Yes, I did go to Sunday school.  At the small parish church in Horsington.  St John the Baptist’s has all the features you would expect of an English village church.  Back in the 1960s a small area was set aside for Sunday school.  I hear there’s still a children’s corner in the Church.  Also, as a family we attended the Methodist Chapel in South Cheriton.  Contrasting with the CoE, this was a place where animated lay-preachers offered a more down to earth view of heaven and hell. 

I’m telling you this just to give a little background on what shaped my view of right and wrong.  A lot more than this youthful experience seeped into my subconscious as I became agnostic about religion.  Being sceptical probably came more from non-conformism, my secondary school teachers and my argumentative nature than any sermons or doctrine. 

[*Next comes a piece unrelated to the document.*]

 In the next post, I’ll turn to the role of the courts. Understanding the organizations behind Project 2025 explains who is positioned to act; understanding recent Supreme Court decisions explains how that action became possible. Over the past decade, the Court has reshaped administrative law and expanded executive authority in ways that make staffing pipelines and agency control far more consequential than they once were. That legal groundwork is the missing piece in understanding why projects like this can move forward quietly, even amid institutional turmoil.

Out of a vibrant mix in the 60s and 70s, I developed a rational way of looking at the world and a strong sense that people should tell the truth.  That there are such things as provable facts.  That progress is the natural order.  And that you help yourself by helping others.  Now, this all sounds strangely retro as I reflect on what has happened over the last few weeks. 

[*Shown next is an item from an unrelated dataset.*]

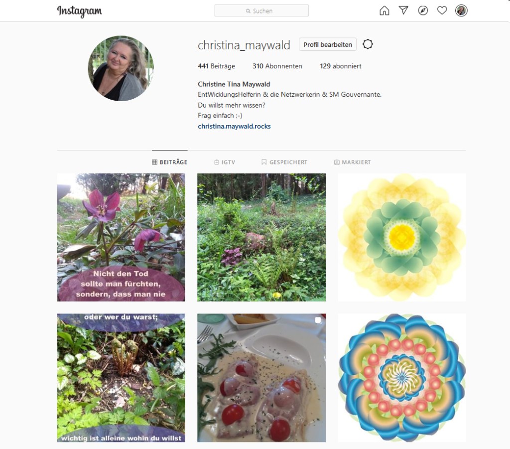 Ich habe jetzt ganzen April und Mai je 3 Postings auf Instagram gemacht – eins in der Früh – eines Mittags – und eines Abends – und der Stand meiner Follower schwankt so zwischen 290 und 310 – in etwa.

Taking the UK out of the European Union will be hugely complex.  A lot of people said it would be hugely complex.  Many sound arguments were set out as to why it would be hugely complex.  Regardless of all that this is the path that has been chosen by a majority of voters in the UK all but by a small margin.  That said, I can’t help but think that a deception has been practiced on the British people.  So many half-truths and nefarious speculations were put-up on banner headlines.  Dubious statistics and manipulated facts presented bright and colourful did sway the direction the vote took. 

Now, a flurry of back tracking is underway.  Quick comparisons with before and after interviews make it clear: a week really is a long time in British politics.  Outcomes are manifold but one is to reward those who made the biggest exaggerations and told the dodgiest selective stories.  So, how can this be right?  I guess, it isn’t.